Chapitre III. La dimension psychologique et culturelle du changement
Sous l’aridité des organigrammes et des processus, la culture organisationnelle, définie par Edgar Schein comme un ensemble de postulats partagés, constitue le véritable système d’exploitation d’une institution. Ce chapitre critique les approches du changement qui ignorent cette dimension invisible mais déterminante. L’échec de l’implantation de modèles managériaux occidentaux dans des entreprises congolaises sans adaptation culturelle en est la preuve. L’étudiant apprendra à auditer les “artefacts, valeurs et postulats” d’une organisation pour y ancrer le changement et en faire un levier de succès.

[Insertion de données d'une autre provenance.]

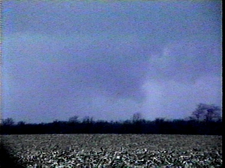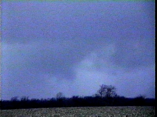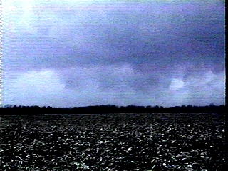 Here are some video snaps of a tornadic storm in Macoupin County, IL May 12, 1998. Here is a large wall cloud with inflow tail northwest of Palmyra, IL (large file - may take a couple minutes to load - not converted to condensed jpeg due to low contrast). About 30 minutes later this lowering produced a tornado about 3 miles east of Palmyra, but a few minutes after the picture above it became obscured by rain so I did not see the tornado. Around the same time as this first lowering I also saw some beautifully sunlit and knuckled anvil from another storm to the southwest. A few minutes later and at a location a little to the southwest I saw this solid lowering that briefly looked like a funnel - but I could see little or no rotation. Then, it evolved into a more typical-looking wall cloud. This was located just southwest of Palmyra. Finally, on the way home I saw an apparent rain-wrapped funnel, located about midway in time and space between the two tornado touchdowns this storm produced. Video snaps of this feature and further explanation can be found here.

III.1 La gestion des résistances au changement
Face à l’inertie ou à l’opposition active, une analyse fine des sources de résistance est impérative. Celles-ci ne relèvent pas de la simple mauvaise volonté mais de logiques rationnelles : peur de l’inconnu, perte de compétences, remise en cause des statuts ou des relations de pouvoir. En analysant le cas de l’introduction de terminaux de paiement électronique dans les marchés de Kinshasa, ce module dote l’étudiant d’outils pour diagnostiquer les causes profondes de la résistance et pour y répondre par des stratégies ciblées de communication, de formation et de négociation.

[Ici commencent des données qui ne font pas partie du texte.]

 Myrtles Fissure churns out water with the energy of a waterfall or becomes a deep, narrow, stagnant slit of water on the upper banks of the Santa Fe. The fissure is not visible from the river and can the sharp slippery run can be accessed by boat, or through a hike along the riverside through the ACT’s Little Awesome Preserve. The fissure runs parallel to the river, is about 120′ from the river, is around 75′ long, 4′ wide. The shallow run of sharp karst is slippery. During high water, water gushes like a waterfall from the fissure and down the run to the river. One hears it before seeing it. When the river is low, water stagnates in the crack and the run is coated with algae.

III.2 La culture organisationnelle comme levier et frein (Schein)
Défini par Edgar Schein comme un ensemble d’artefacts, de valeurs et de postulats de base, le concept de culture organisationnelle est la clé pour comprendre pourquoi les changements échouent ou réussissent. Une transformation qui heurte les postulats fondamentaux d’une entreprise est vouée à l’échec. L’analyse de la culture de la REGIDESO, par exemple, est un prérequis à toute tentative de modernisation de son service client. L’étudiant apprendra à décoder le “génome” culturel d’une organisation pour concevoir des changements qui entrent en résonance avec ses valeurs profondes.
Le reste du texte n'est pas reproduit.